__Task statement__:
Write the full listing out again, word for word, but omit the pictures.

__Material provided__:
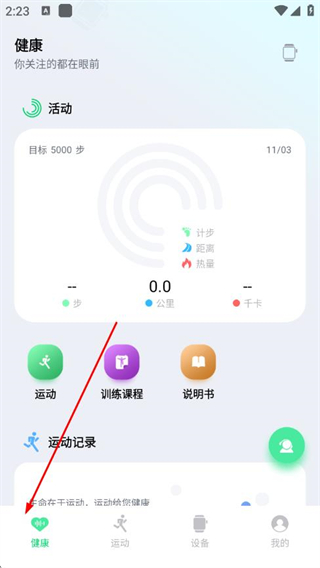 3、即可完成注冊(cè)操作,進(jìn)入APP健康頁面開始使用。
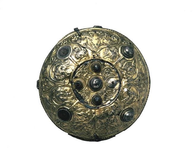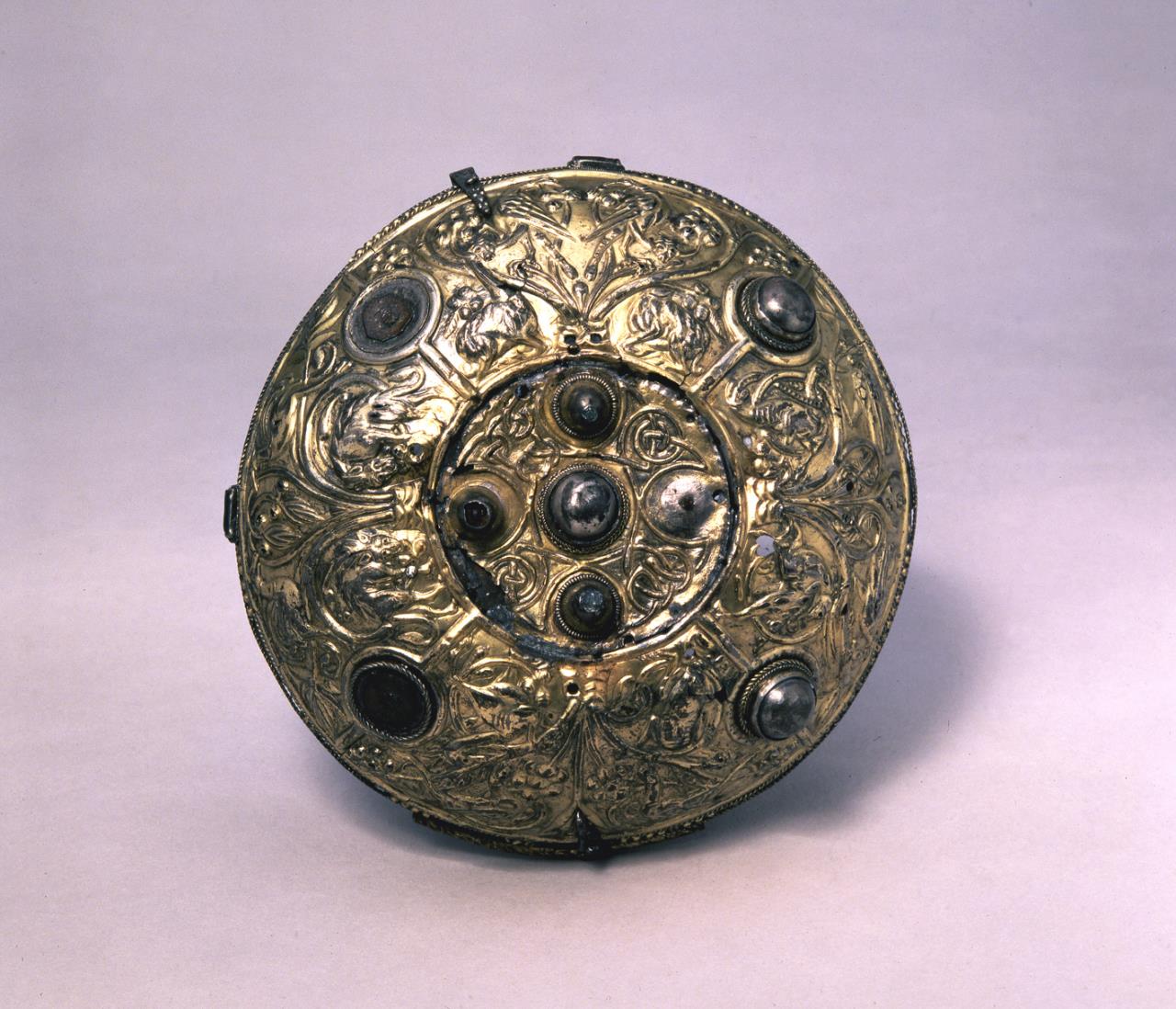 - Silver gilt with repousse ornament on outside. Inner shell studded with blue glass and silver wire interlace.
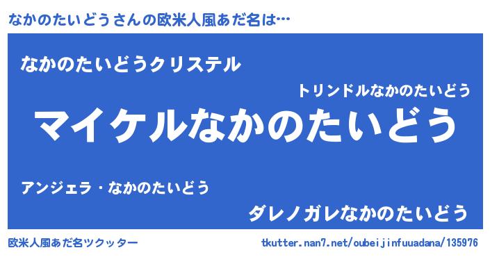 | 男性向けラノベタイトル風あだ名 | 『ナカノタイドウアートオンライン』 |
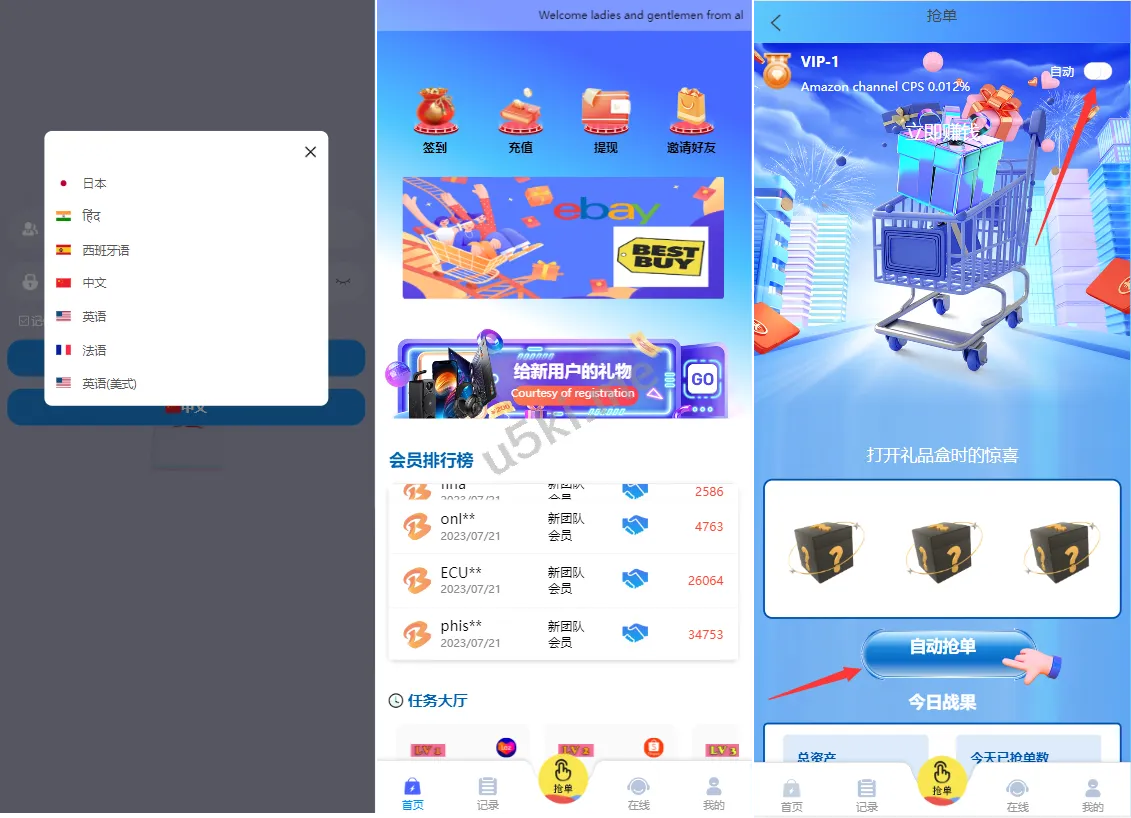 新UI海外抢单_刷单源代码/卡单刷单系统/订单自动匹配系统

__Result of the task__:
 3、即可完成注冊(cè)操作,進(jìn)入APP健康頁面開始使用。
 - Silver gilt with repousse ornament on outside. Inner shell studded with blue glass and silver wire interlace.
 | 男性向けラノベタイトル風あだ名 | 『ナカノタイドウアートオンライン』 |
 新UI海外抢单_刷单源代码/卡单刷单系统/订单自动匹配系统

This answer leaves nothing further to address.